Fame Studios founder launched career of Aretha Franklin, published and recorded numerous R&B, pop and country songs
Legendary record producer and Fame studio owner Rick Hall, the man regarded as the “Father of Muscle Shoals Music,” died early Tuesday morning, according to the Alabama Music Hall of Fame. Reportedly in declining health in recent months, Hall was 85.
Hall’s Grammy-winning production touched nearly every genre of popular music from country to R&B, and his Fame Studio and publishing company were a breeding ground for future legends in the worlds of songwriting and session work, as well as a recording home to some of the greatest musicians and recording artists of all time, including Aretha Franklin, Etta James, Wilson Pickett and many more. To date, the studio and its publishing company have been responsible for an estimated 350 million record sales, with songs by everyone from the Beatles to GeorgeStrait.
Raised by his father after his mother abandoned Hall and his younger sister, Hall played several instruments including guitar, fiddle and mandolin, and performed in a number of musical groups. After helping to license the Percy Sledge tune “When a Man Loves a Woman” in 1966, Hall co-founded Fame Publishing in 1959 with Tom Stafford and future Tammy Wynette and George Jones producer-songwriter Billy Sherrill. The company scored early cuts with tunes by Brenda Lee, Roy Orbison and pop star Tommy Roe, and Hall soon took sole ownership of Fame, which was an acronym for Florence Alabama Music Enterprises. In 1961, he produced the first gold record in Muscle Shoals history with Arthur Alexander’s “You Better Move On,” later cut by the Rolling Stones and an influence on the early work of the Beatles. “We were trying to get that bass sound Arthur Alexander was getting in Muscle Shoals, we love his records,” John Lennon would say, according to the official Fame website. The studio’s first rhythm section, in fact, included bass player Norbert Putnam, an Alabama native who would go on to become one of Nashville’s most respected producers in his own right.

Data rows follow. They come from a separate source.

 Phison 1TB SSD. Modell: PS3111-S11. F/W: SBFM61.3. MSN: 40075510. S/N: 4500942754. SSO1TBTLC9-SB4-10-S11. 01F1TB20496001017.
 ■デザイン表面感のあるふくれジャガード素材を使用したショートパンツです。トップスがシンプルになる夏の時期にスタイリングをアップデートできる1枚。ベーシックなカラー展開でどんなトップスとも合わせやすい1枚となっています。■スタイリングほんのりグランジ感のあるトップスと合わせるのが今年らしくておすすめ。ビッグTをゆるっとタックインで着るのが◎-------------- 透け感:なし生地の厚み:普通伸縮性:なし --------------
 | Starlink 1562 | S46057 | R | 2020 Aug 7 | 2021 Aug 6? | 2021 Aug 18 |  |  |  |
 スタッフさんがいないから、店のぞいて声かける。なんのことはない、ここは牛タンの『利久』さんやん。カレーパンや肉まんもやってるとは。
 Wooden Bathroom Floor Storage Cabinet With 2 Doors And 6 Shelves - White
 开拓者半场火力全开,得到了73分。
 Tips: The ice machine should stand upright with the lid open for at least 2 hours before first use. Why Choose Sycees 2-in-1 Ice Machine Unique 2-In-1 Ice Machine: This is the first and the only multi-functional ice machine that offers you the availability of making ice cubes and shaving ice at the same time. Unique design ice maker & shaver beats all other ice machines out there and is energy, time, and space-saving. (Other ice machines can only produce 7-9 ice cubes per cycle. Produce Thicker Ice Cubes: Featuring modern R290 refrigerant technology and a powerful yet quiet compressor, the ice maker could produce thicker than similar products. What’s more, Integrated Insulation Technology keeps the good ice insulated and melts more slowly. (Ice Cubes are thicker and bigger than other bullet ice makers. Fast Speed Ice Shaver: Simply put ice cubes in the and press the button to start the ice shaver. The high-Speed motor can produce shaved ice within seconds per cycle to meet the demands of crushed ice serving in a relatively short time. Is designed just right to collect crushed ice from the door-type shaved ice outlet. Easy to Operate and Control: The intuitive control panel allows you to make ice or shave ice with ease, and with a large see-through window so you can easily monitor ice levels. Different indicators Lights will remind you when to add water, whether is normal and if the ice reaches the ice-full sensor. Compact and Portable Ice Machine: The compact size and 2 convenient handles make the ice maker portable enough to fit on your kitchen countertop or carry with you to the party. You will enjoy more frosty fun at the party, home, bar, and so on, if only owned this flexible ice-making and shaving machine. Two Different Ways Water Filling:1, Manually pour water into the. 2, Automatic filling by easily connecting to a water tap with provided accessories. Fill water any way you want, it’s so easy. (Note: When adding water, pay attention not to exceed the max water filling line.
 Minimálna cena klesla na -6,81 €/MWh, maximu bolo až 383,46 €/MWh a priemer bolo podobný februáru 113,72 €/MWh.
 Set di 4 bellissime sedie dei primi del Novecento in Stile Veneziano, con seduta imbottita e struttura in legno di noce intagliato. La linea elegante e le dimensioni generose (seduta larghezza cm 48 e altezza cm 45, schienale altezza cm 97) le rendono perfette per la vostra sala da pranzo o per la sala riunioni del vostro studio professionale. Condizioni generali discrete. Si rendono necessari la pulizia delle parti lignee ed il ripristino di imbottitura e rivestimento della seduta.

Muscle Shoals’ “Swampers,” the studio’s second house rhythm section who were immortalized in Lynyrd Skynyrd’s “Sweet Home Alabama,” would leave Fame to form their own studio in 1969, but the ensuing decade would see Hall inking a deal with Capitol Records to distribute Fame Records, as well as working with producer Mike Curb, who brought future teen idols the Osmonds and their teenaged sister, Marie, to the studio to record. Others who scored major hits throughout the decade included country-pop crossover artist Mac Davis and songwriter Paul Anka. Terri Gibbs, the CMA’s first-ever Horizon Award (now Best New Artist) winner, recorded at Fame and, in 1981, the publishing company scored a major hit with Ronnie Milsap’s pop-country smash “(There’s) No Getting’ Over Me.”
Other artists who more recently recorded at Fame include Gregg Allman, who cut his final album, Southern Blood, at the studio, Drive-By Truckers and Jason Isbell. In a Twitter post, Isbell wrote: “Rick Hall and his family gave me my first job in the music business, and nobody in the industry ever worked harder than Rick. Nobody. American music wouldn’t be the same without his contributions. His death is a huge loss to those of us who knew him and those who didn’t.”
Rick Hall was inducted into the Alabama Music Hall of Fame in 1985. In 2013, he was featured in the acclaimed documentary Muscle Shoals, and in 2014 received a Grammy Trustees Award for his “significant contribution to the field of recording.” In 2015, he published the memoir The Man from Muscle Shoals: My Journey from Shame to Fame. He is survived by his wife, Linda, and three sons, Rick Jr., Mark and Rodney.